As the world shifts to more multilateral economic cooperation, as seen primarily with China’s Belt and Road Initiative and the emergence of regional trading blocs, the United States and its European minions are trying to thwart that direction by insisting on countries making a false choice of aligning one way or the other.
We saw that in Ukraine where Washington and the EU piled the pressure on the elected government of Viktor Yanukovych during the 2013-2014 period to repudiate its relations with Russia and to join the Western powers. That culminated in the CIA-backed coup in February 2014 and nearly five years of an ongoing war in Eastern Ukraine.
We are also seeing it with regard to pressure from Washington on Turkey to abandon its improving relations with Russia, in particular Ankara’s purchase of the S-400 air defense system.
At a NATO meeting last week in Brussels, the US Secretary of Defense Mark Esper said: “Turkey put us in a terrible position. We see them spinning closer into Russia’s orbit than into the Western orbit.”
America’s obsessive possessiveness is a tyranny that runs deeply through its foreign relations. Either nations are subservient to Washington or they are cast as reprobates that must be brought to heel, either through economic sanctions, covert destabilization, regime change, or war.
The US maintains sanctions on Russia, Iran, Venezuela, Cuba, North Korea and others for the simple reason that such countries are not subservient to American demands. The sanctions on Iran are perhaps the most illustrative of US hegemonic dictate. Washington demands that all countries obey by its unlawful embargo on Iranian oil exports. Again, it’s the mentality of “with us or against us”.
This zero-sum ultimatum has been imposed on Armenia by the Trump administration even though Armenia has long historical and cultural ties with Iran. Landlocked Armenia with a population less than three million is developing joint gas pipeline projects with Iran which will be crucial to the former’s economic development.
Armenia, a former Soviet republic, has strong and enduring economic ties with its neighbors of Russia, Belarus, Kazakhstan and Kyrgyzstan as part of the Eurasian Economic Union (EAEU). It is also a member of the Commonwealth of Independent States (CIS), along with Russia, Azerbaijan, Belarus, Kazakhstan, Kyrgyzstan, Moldova, Tajikistan and Uzbekistan. Armenia derives vital security guarantees as a member of the Collective Security Treaty Organization (CTSO) also comprising Russia, Kazakhstan, Kyrgyzstan, Tajikistan and Uzbekistan.
It is simply ludicrous to impose a demand on Armenia to choose between “East and West”. It has centuries of relations with its Eurasian neighbors, Russia in particular.

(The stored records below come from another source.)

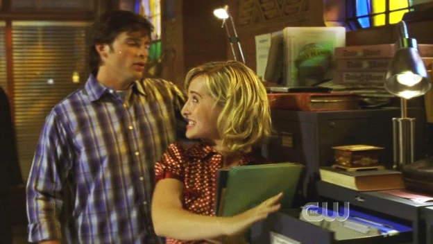 - Chloe comments that Lois' "bumbling through the database is like watching Clark try to dance"—a sight viewers were treated to in "Tempest" and "Spell".
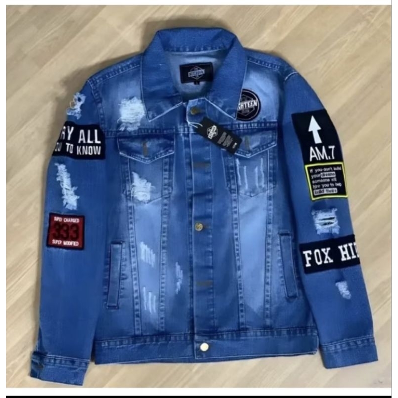 JAKET JEANS DENIM ANAK FULL BORDIER HIP HOOP BIRU KEREN STYLE UMUR 4 SAMPAI 9 TAHUN
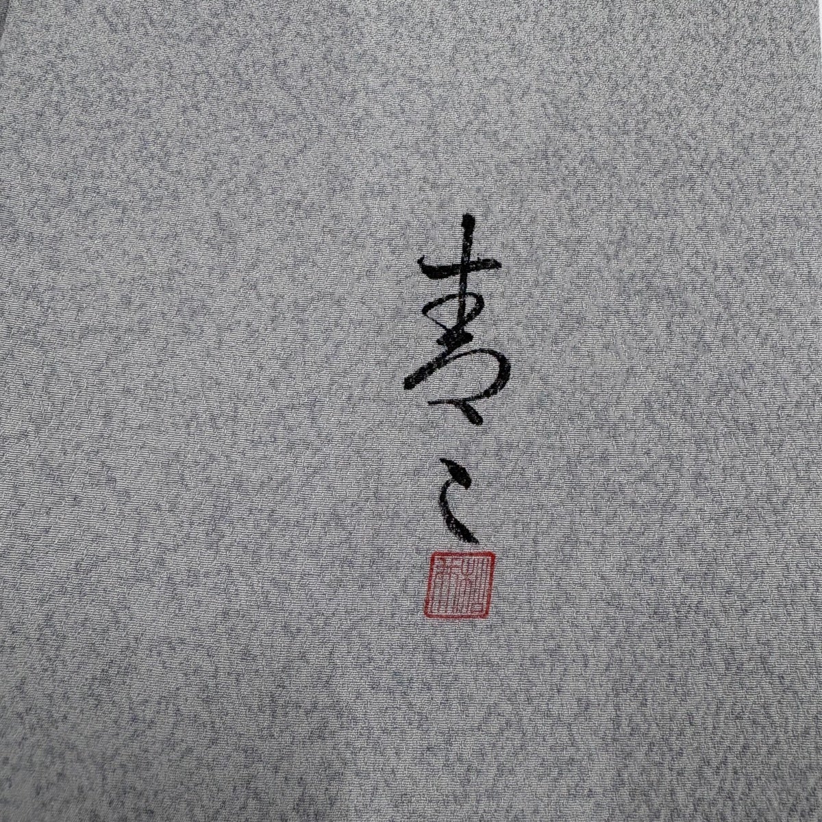 【美品】 お召 身丈154.5cm 裄丈65cm M 袷 背抜き仕立て 落款あり 幾何学模様 灰色 正絹 逸品
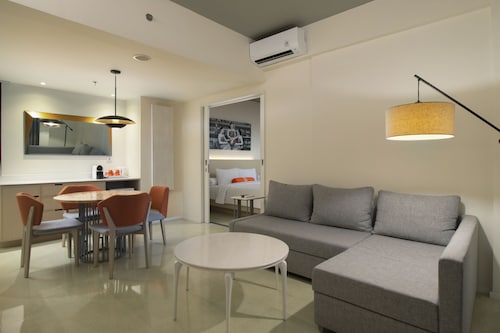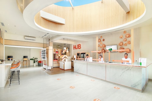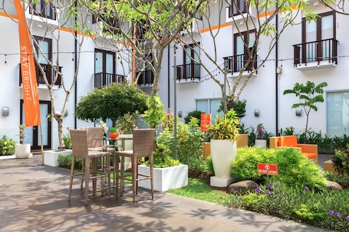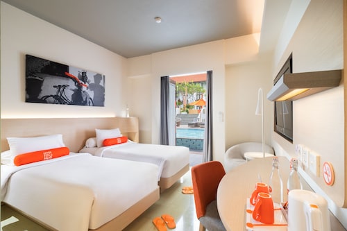 空港近くにあるオレンジの看板がポップなイメージの3スターホテル。近年、このクラスの3スターホテルが数多くできていますが、このハリス・トゥバンはその先駆け的な存在です。空港とカルティカプラザ通りの中間ぐらいにあり、ホテルのすぐ前には地元のスーパーもあり、便利。クタスクエア等にも近いですが、徒歩ではちょっと厳しいかも。あとは渋滞がたまにキズ。でもエアポートリーフにも近く、お手頃で、サーファーに嬉しい立地かも。また、空港にも近いので、深夜の帰国便等の場合は出発前に利用するのもいいかも。お部屋は看板同様、オレンジを基調にしたポップでミニマリストなデザイン。広くはありませんが、アロマポットなんかも置いてあったりして、なかなかおしゃれです。ソファー等はありませんが、ワーキングデスクもあり、WIFIインターネットも無料で使えるので便利。1階のお部屋はテラスからプールに行けちゃったりします。スタンダードルームは固定式のシャワーのみですが、シャンプーもあって、とっても清潔感があるので快適。水圧も強くて使い勝手はよいです。スイートにすれば、大きなバスタブもありますよ。スタッフもオレンジのTシャツにバンダナといったカジュアルな
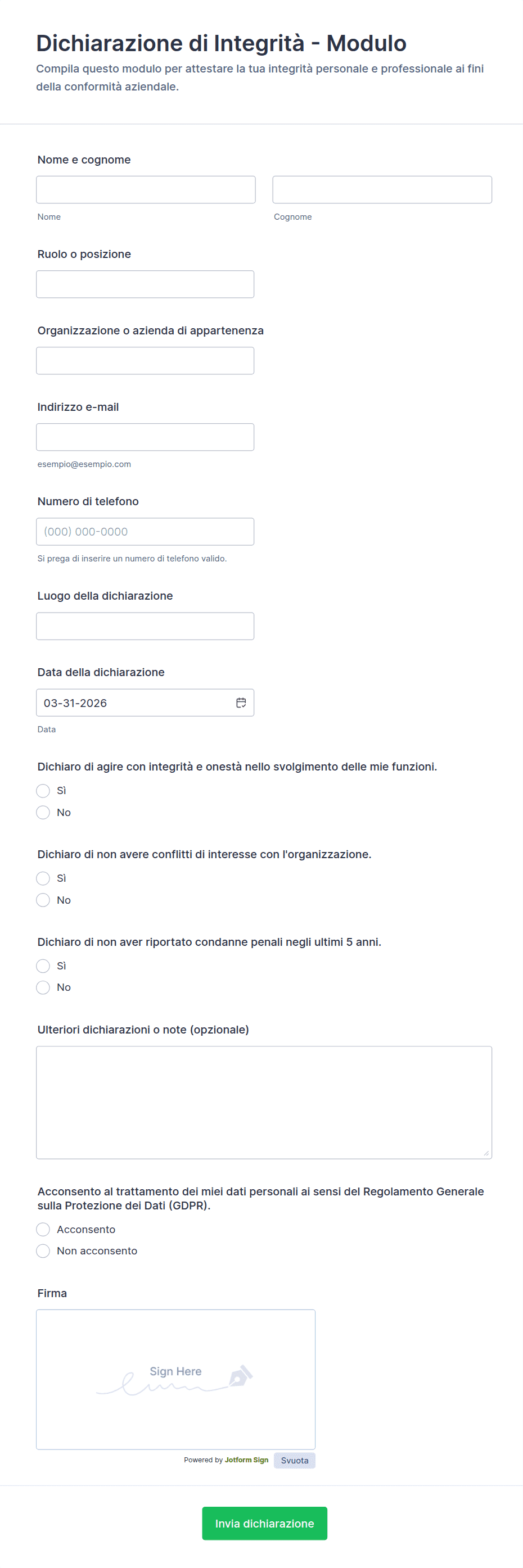 - Dichiarazioni Legali: Richiedono termini dettagliati, caselle di controllo per l'accettazione e campi per la firma elettronica.
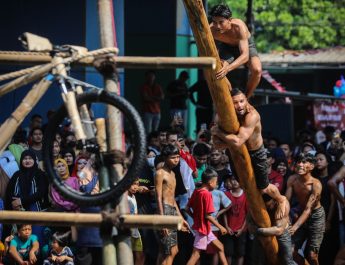 Pesepak bola Persebaya Surabaya, Risto Mitrevski (kanan), berselebrasi Serempak Dejan Tumbas (kiri) usai mencetak gol ke gawang Bali United pada laga BRI Super League di Stadion Gelora Bung Tomo, Surabaya, Jawa Timur, Sabtu (23/8/2025). Persebaya Surabaya menang atas Bali United dengan skor 5-2.
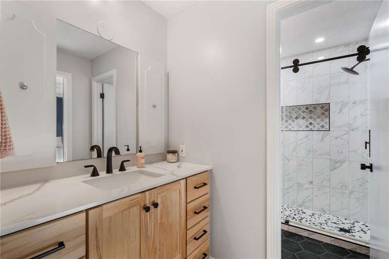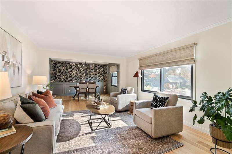 Stunning ranch/1.5 story in sought after Pinehurst subdivision. Welcome to this 5bd/3.1ba/2 car garage main level living home nestled on a quiet cul-de-sac. Light, bright and ah-mazing! Sitting on over a 1/2 acre lot, this park-like property is perfect for quiet family nights or loud exciting gatherings w/friends. Step inside to new engineered wood floors (gorgeous) in entry, formal living and dining room, family room and hallway to bedrooms! New carpet in all bedrooms (no animals or shoes have walked on the carpets:); staircase features designer carpet leading up to 2nd level adding a touch of luxury to the home's updated style. New interior/exterior paint, new Renewal by Anderson windows on front of house (adds so much natural light), new windows in family room, new light fixtures, new canned lights in family room, textured ceilings thru-out (not popcorn!) and gorgeous gas fireplace. Kitchen boasts granite counters, stainless steel appliances, double oven, and eat-in area. Elegant master ensuite w/sliding door, remodeled shower and new gorgeous vanity; laundry room, two generous-sized bedrooms on main level and hall bath complete the main level. Upstairs you'll find two large bedrooms w/walk-in closets and jack and jill bath, perfect for guest bedrooms, office, craft room, play room all overlooking the gorgeous backyard park! This home continues to impress w/epoxy-coated floors in lower level recreation room and new half bath. Tons of storage in lower level. Two car garage has epoxy-coated floor, too! Easy access to highways, close to award-winning Shawnee Mission schools, shopping, restaurants and more! See it before it's gone. **All information deem reliable but not guaranteed. Buyer and buyer's agent to verify all information, including measurements, during inspection period.**
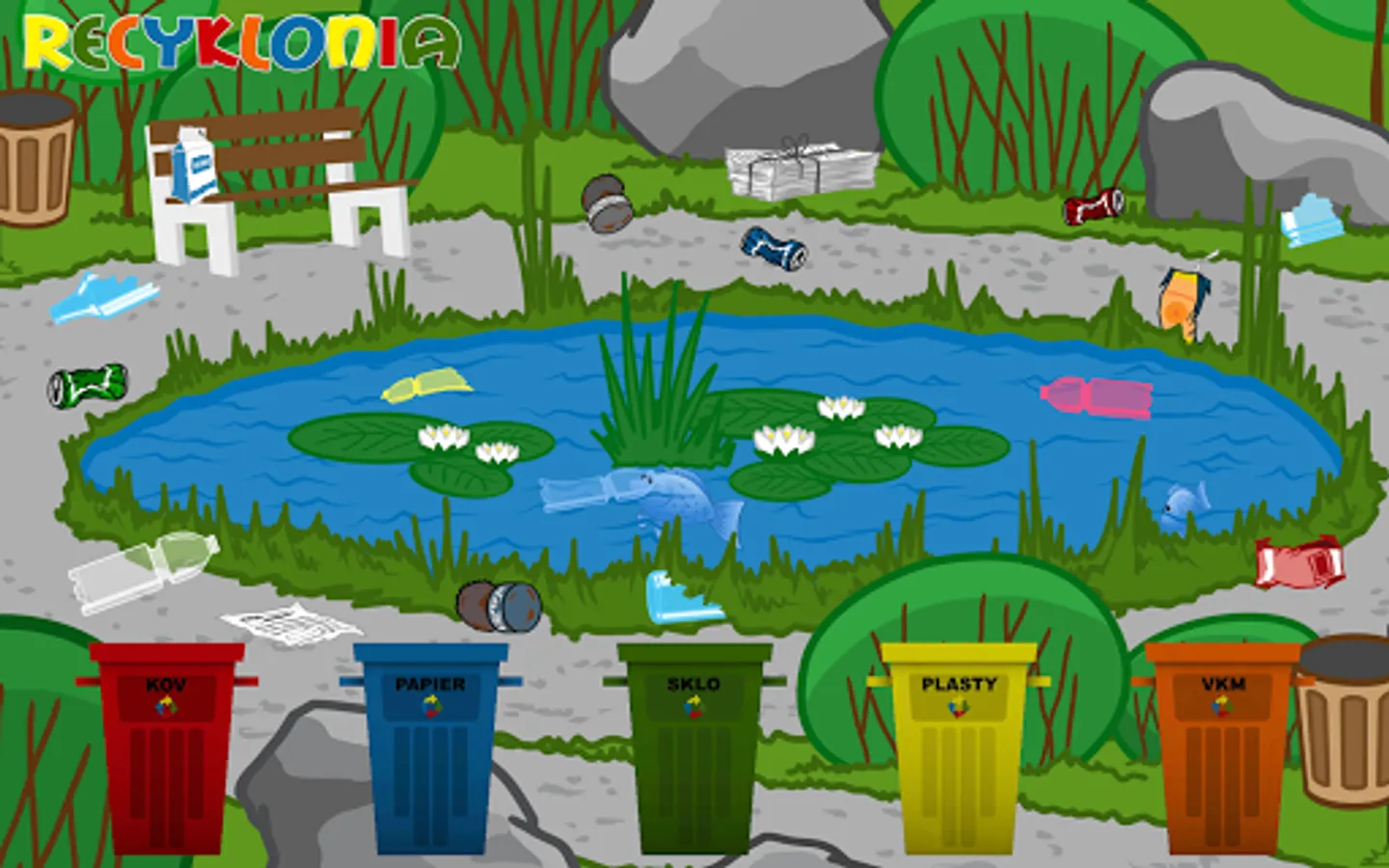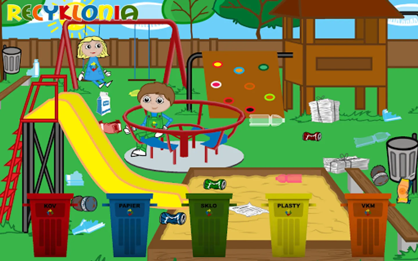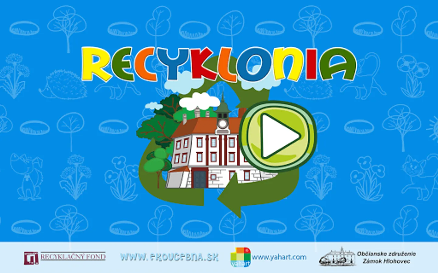 Educational game "Recyklonia" mobile touch device is intended for users of child (4-10 years). Children's user can choose from 7 environment, which will save animals, help clean the environment and correctly categorize the scattered trash, or listen to an audio recording with the latest information. They will learn how to properly sort waste, become familiar with the color distribution of separate collection and learn new information.
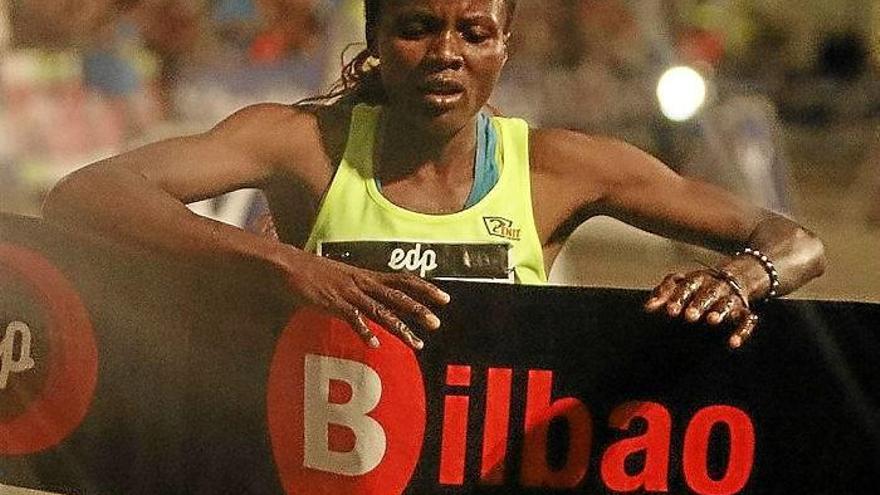 otro récord Esa emoción no se trasladó al medio maratón femenino. Caroline Chebet llegó con un gran cartel y lo corroboró en el circuito bilbaino. Siempre en primer lugar, consiguió un buen margen con respecto a sus perseguidoras y se centró en batir el récord de la prueba. No tuvo rivales, su único adversario fue el cronómetro y también lo derrotó. La keniata cruzó la meta en 1 hora 13 minutos y 35 segundos, lo que supuso el segundo récord batido del día.
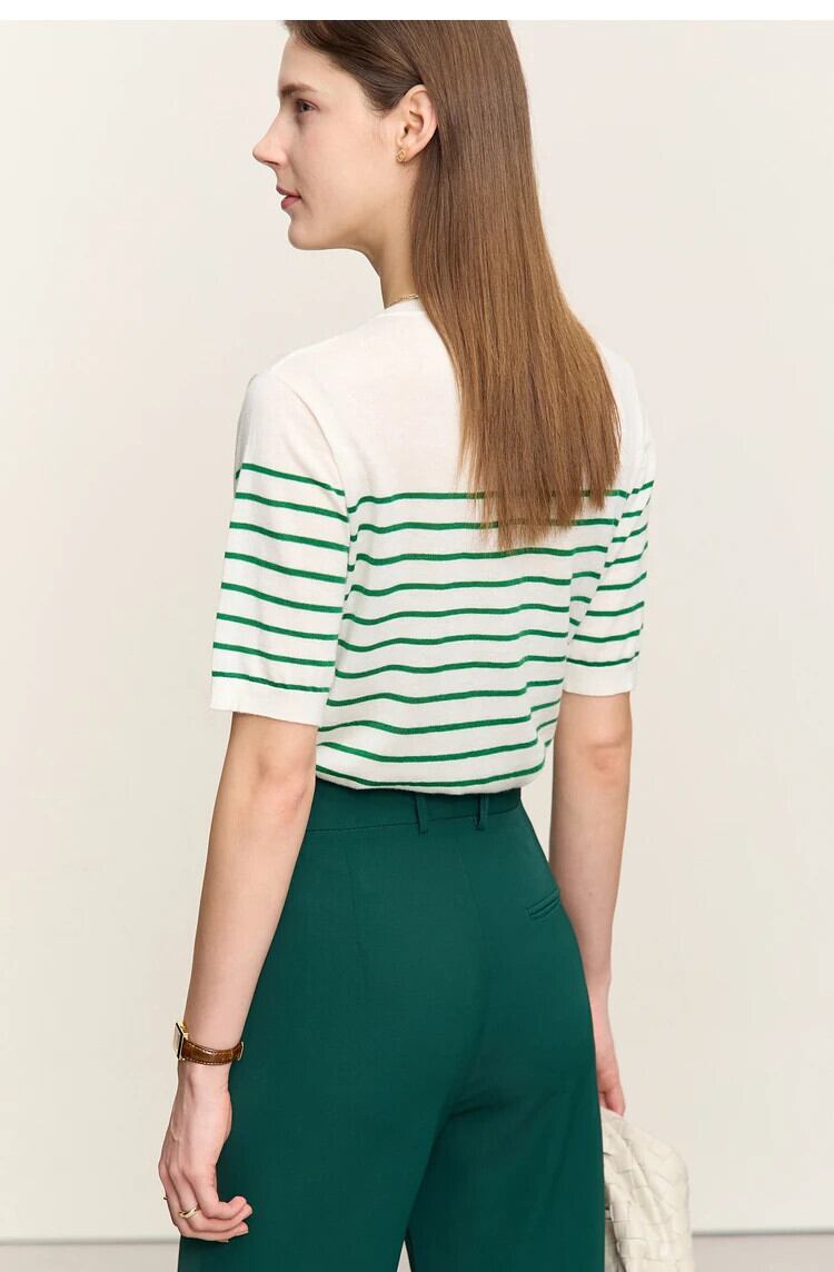 送料無料 アパレル AMII ミニマリズムフレンチ半袖女性ニットルーズストライプ対照的な色 2023 夏トップス 12342646 ショート ハーフスリーブ サマー 夏物 AE121222334442767074

It is of course entirely reasonable that Yerevan wants to pursue a multilateral policy of friendship between East and West. But America’s hegemonic imperialism is such that it requires a false choice to be made. It is the zero-sum imposition of that choice that creates problems, tensions and ultimately conflict. Armenia is being made to walk a dangerous tightrope when it shouldn’t have to. That is the fate of those who encounter Washington’s bullying zero-sum tyranny.